UK bookmakers Betfred are scrapping their racing sponsorships and closing their on-course betting windows based on founder Fred Done’s belief that the company’s “association with racing is broken.”
On Wednesday, the Racing Post broke the news that Betfred would end virtually all of its commercial relationships with racing following the July 2018 expiration of the company’s exclusive pool betting deal. Done said his company “will fulfill everything we promise” until its current obligations are met, but after that, basta.

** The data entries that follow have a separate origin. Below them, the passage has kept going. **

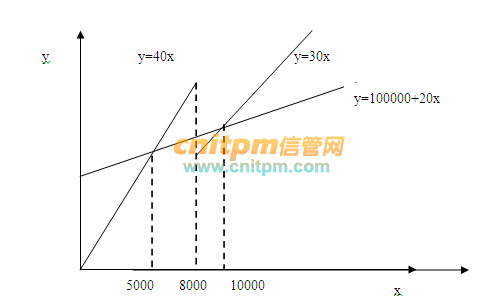 2、某家用电器制造企业在项目进行中需要一批零件,可以选择自制或是外购,如果选择自制的话,需要10万元购买生产设备,生产每一个零件的成本是20元;如果选择外购,购买在8000件以下,每件40元,大于或等于8000件的,每件30元。请画出此题的盈亏平衡图;计算盈亏平衡点并为企业制定自制或是外购的决策。
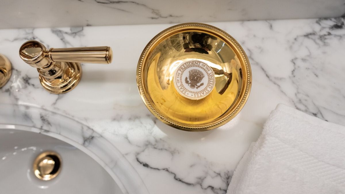 Trump, banyoyu siyah-beyaz cilalı Statuary mermeriyle kaplattığını söyledi. Banyonun bazı kısımlarının altın kaplama olması dikkat çekti. Trump, mermerin Lincoln döneminde de kullanılmış olabileceğini savundu.
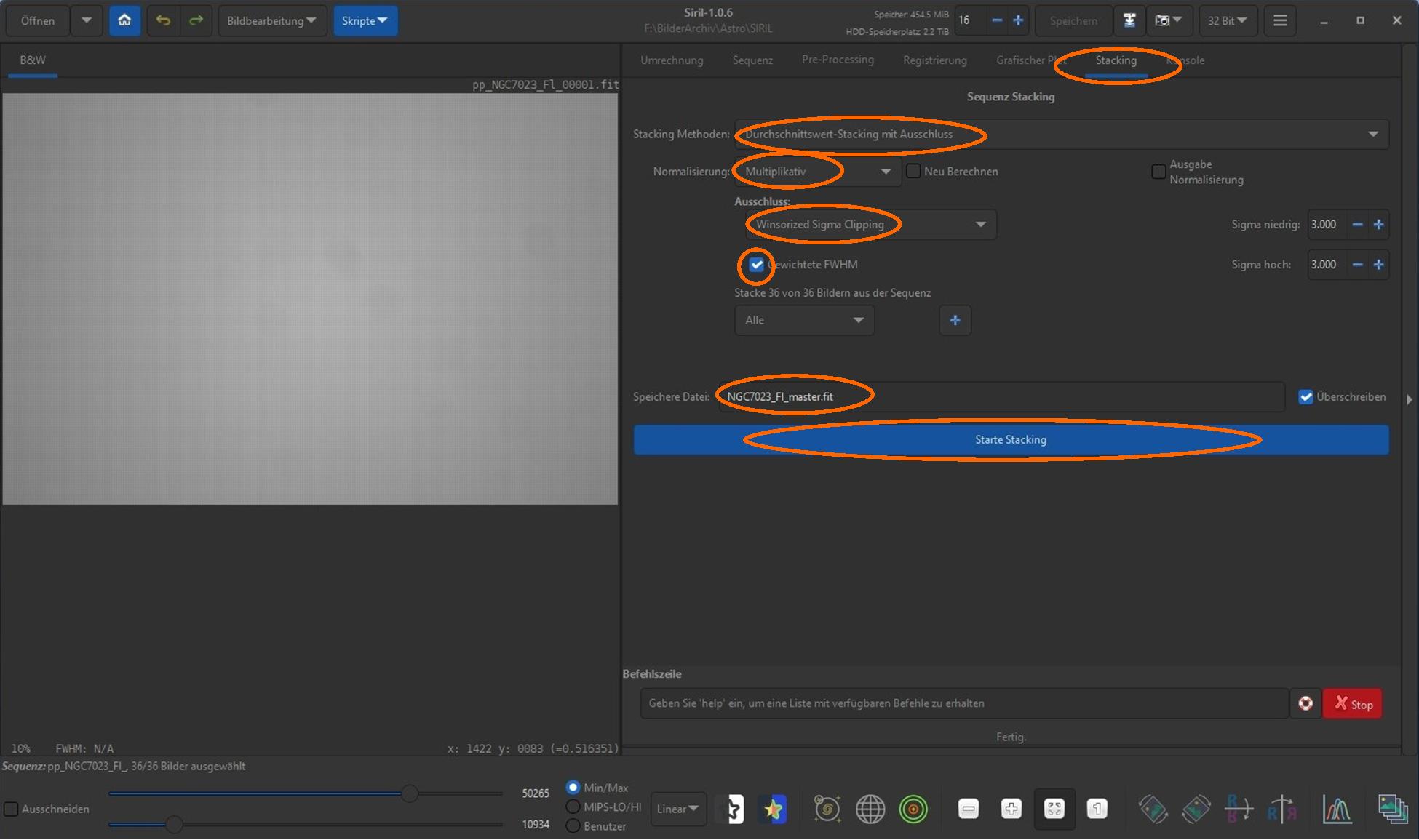 SIRIL-Stacking mit Sequenzen – Master-Dateien erstellen (Stacking)
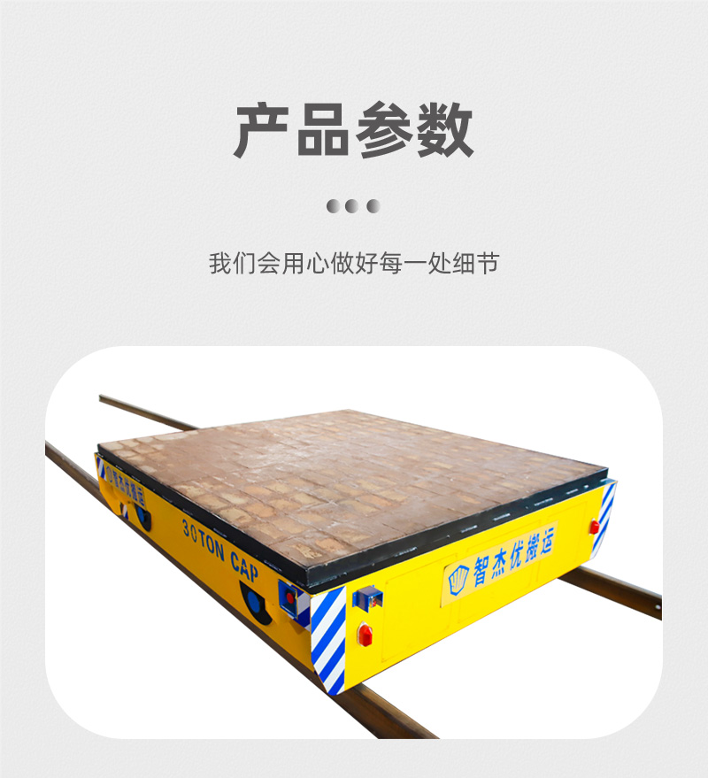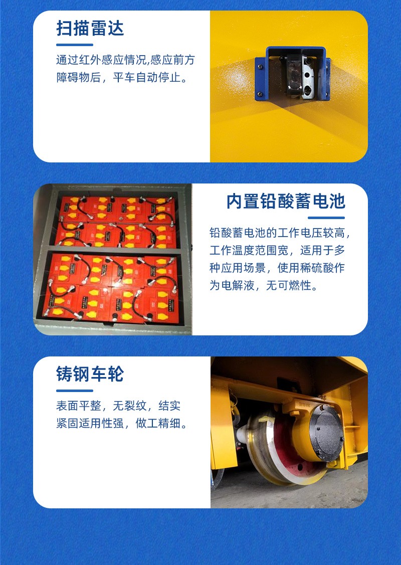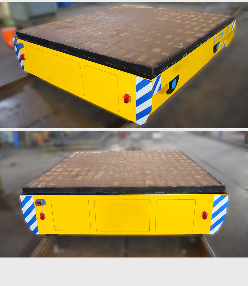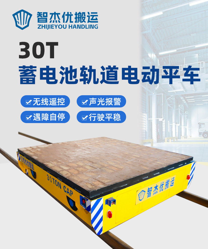 这是一台山东客户定制的蓄电池轨道电动平车,该车长2.5米,宽2.2米,高0.5米,车架箱型梁焊接,结构牢固,载重量大,可载重30吨,应客户使用要求,台面铺设耐火砖;平车采用蓄电池供电,运行距离不受限制,遥控器一键操作,可启动停止、前进后退、调速等,设有双限位开关,可根据现场设定地点自动停靠,前后光电检测,遇障自停,声光报警保障**,能够在垂直轨道、L型轨道、S型轨道、弧形轨道及易爆、摆渡场合使用。

The changes will see Betfred close 49 of its 51 on-course betting shops, and also affects nearly £6m in sponsorship income covering over 600 races. The only exceptions to these curbs will be at Ascot, with which Betfred inked a pool betting deal in April, and Chelmsford, which Betfred owns. Done said several courses were “really disappointed” by his plans to leave, “but I won’t stay where I’m not wanted.”

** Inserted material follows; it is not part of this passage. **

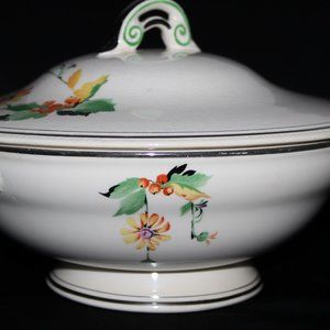 Introduced in 1930 by Homer Laughlin China, the Wells shape was designed for simplicity and elegance. Soprano features a simple yet lovely and colorful floral pattern. The handles and lid knob have striking green striping, with platinum bands. Platinum bands also run along the foot, lid, and both outside and inside rim. For being nearly a century young, the bowl is in very good condition without chips, cracks, flaking, or stains. The black and white Peacock backstamp is a rarity to find as most Wells ceramics have a colored peacock.
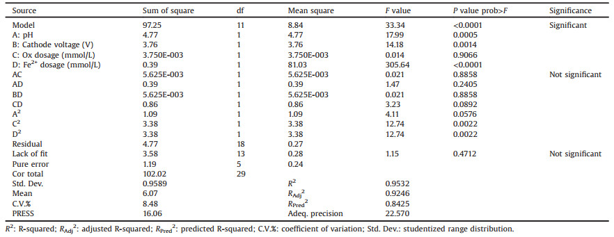 Table 2 variance (ANOVA) of the obtained model. It indicated that this model could be successfully applied for the SMX degradation in the Fered-FL/Ox system. The model value of "prob>F" and F value were < 0.05 and 33.34, respectively. This indicated that both the model terms and the model were significant were significant, there was only a 0.01% chance that a model value this large could occur due to noise. In addition, it should be noted that the "lack of fit P-value" was 0.4712 (>0.1000), suggesting that the lack of fit was not significant and the model had a good predictability. Besides, the value of R2 and "Adeq. precision" reached 0.9532 and 22.57 (>4), respectively, indicating that this model could be used to navigate the design space with an adequate signal and it had a good degree of fitting.

In 2011, Betfred paid £233m to win the exclusive right to offer Tote betting on UK racing, but by 2015, Done said dealings between racing and betting businesses were “worse than they’ve ever been.” The following year, UK racing stakeholders began publicly musing about launching their own Tote alternative when Betfred’s monopoly expired, a plan that 54 courses have since agreed to put into action next July.
Contributing to the schism was the annual bickering over how much UK bookies would contribute to the racing Levy, and the 2015 arrival of the Authorized Betting Partners scheme, which restricted racing sponsorships to operators who agreed to return a greater amount of their online race betting revenue to the sport. Betfred was a defiant holdout to the ABP scheme.

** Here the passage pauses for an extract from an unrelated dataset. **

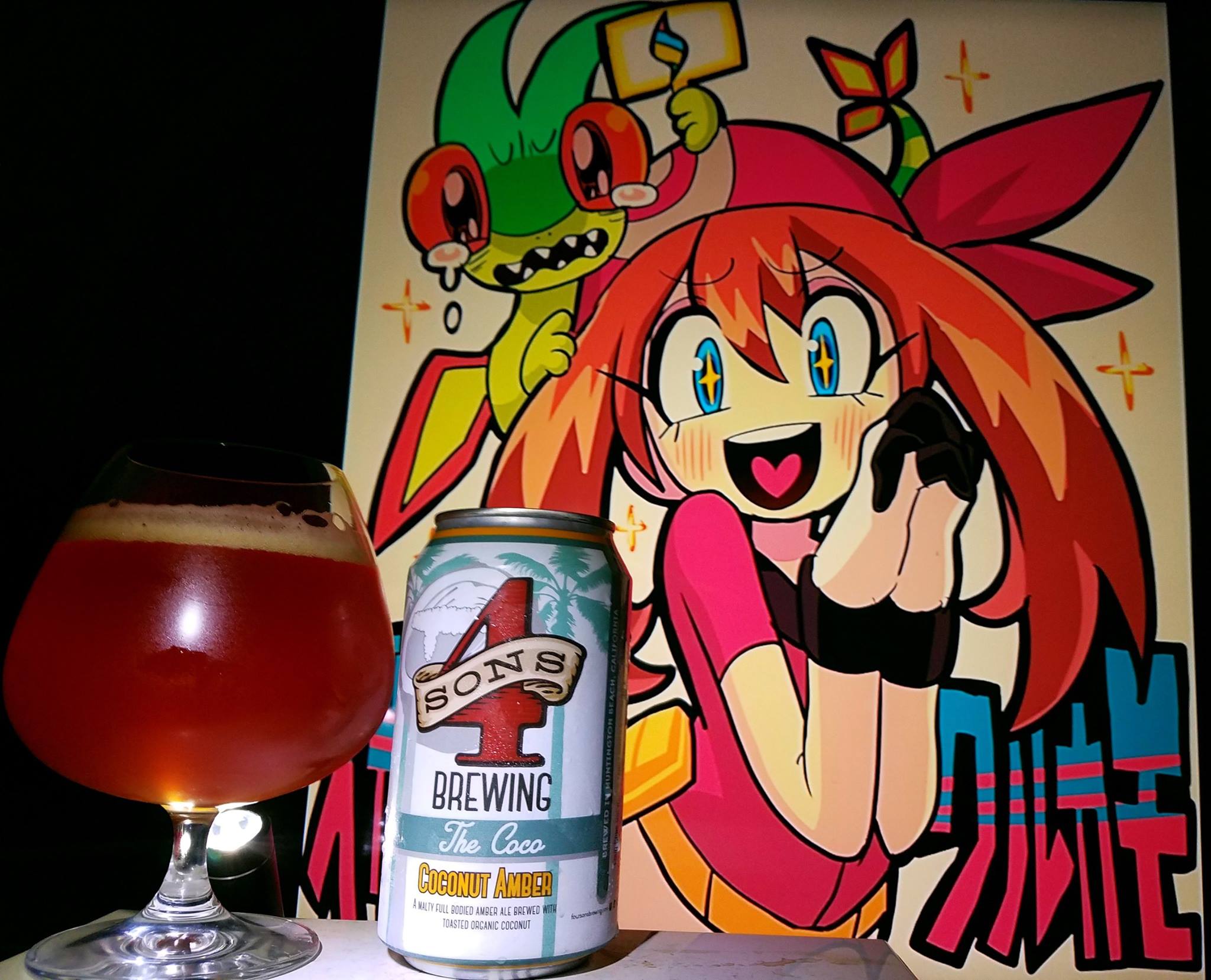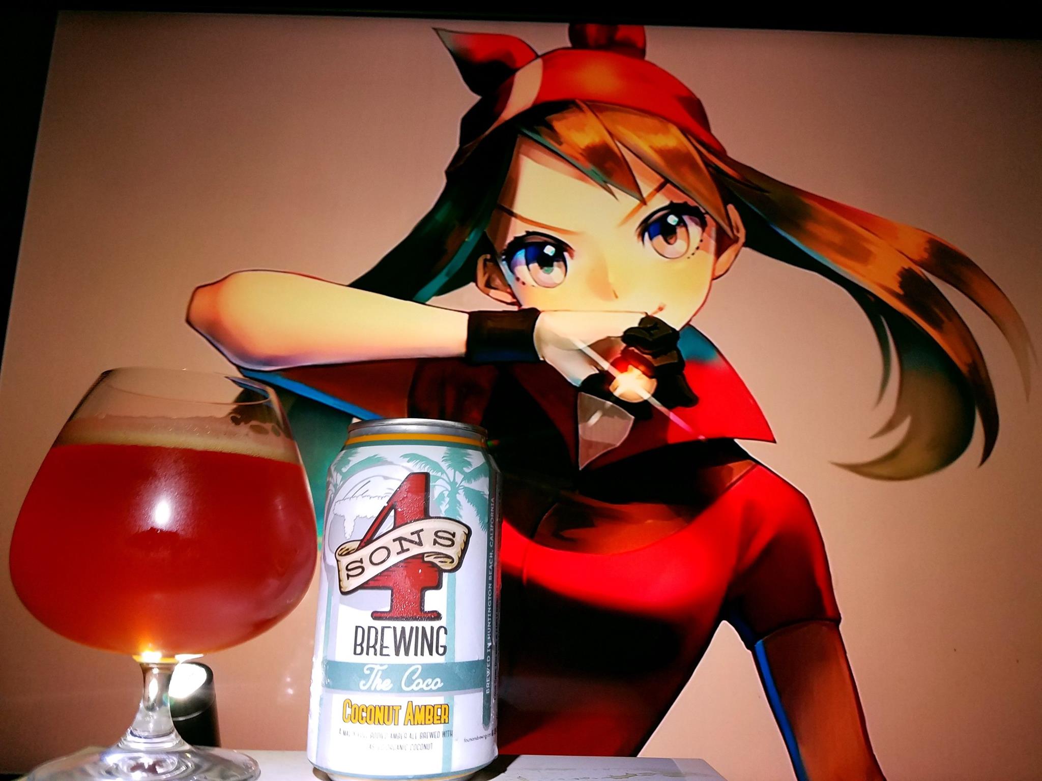 The Coco Four Sons brewing is a 5.2% ABV Amber Ale brewed with toasted organic coconut.

Both the Levy and the ABP scheme were rendered moot after the UK government announced it would impose a new uniform 10% charge on land-based and online race betting revenue, but Done told the Post that racing has “never forgiven” him for winning the Tote contract, despite Betfred returning £3m more per year to racing than the contract stipulated.
Done told the Post that he regretted that his company “will be finished” with racing next year, but briefly echoing Michael Corleone, said that view was “not business, it’s sentimental … As from next year, racing and Betfred have got to learn to live without each other.”